Reputation: 499
I am trying to create a new column in a pandas dataframe using a very complex if statement (I have simplified it for the sake of clarity below). I keep getting the error: ("'float' object has no attribute 'shift'", 'occurred at index 0'). I have looked around stack/the internet and have not come up with a great answer for my solution. Some answers involve taking the .shift out of a function, however, I need to have it within a function due to the complex nature of the if statement I am writing.

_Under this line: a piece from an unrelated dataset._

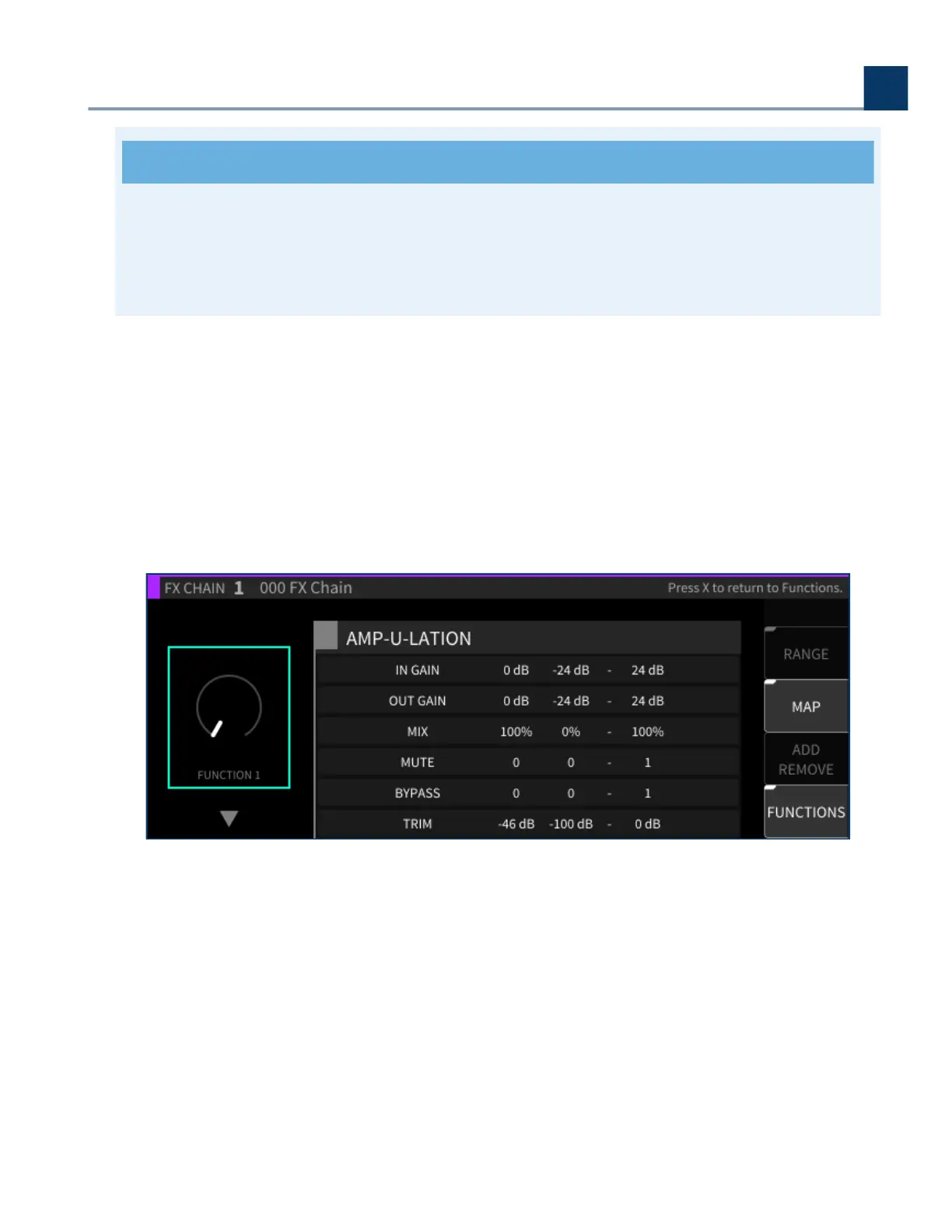 knob you had selected, and that Function’s number (e.g. F1) now appears on the let side of that

I have attached an image below detailing what I ultimately want the function to do. I believe it explains it better than I could describe it with words. Any help or guidance would be greatly appreciated.
Please let me know if you have any questions or if I can clarify anything!
Code example
df=pd.read_csv(file)
def ubk (df):
x = df['k_calc'].shift(1)
if x <90 :
return 1
elif x >90:
return 2
df['test'] = df.apply(ubk,axis = 1)
Upvotes: 1
Views: 5490
Reputation: 1514
Why don't you just do this:
df['test'] = 1+(df['k_calc'].shift(1)>=90).astype(int)
The error you get is because you might be misunderstanding what apply does.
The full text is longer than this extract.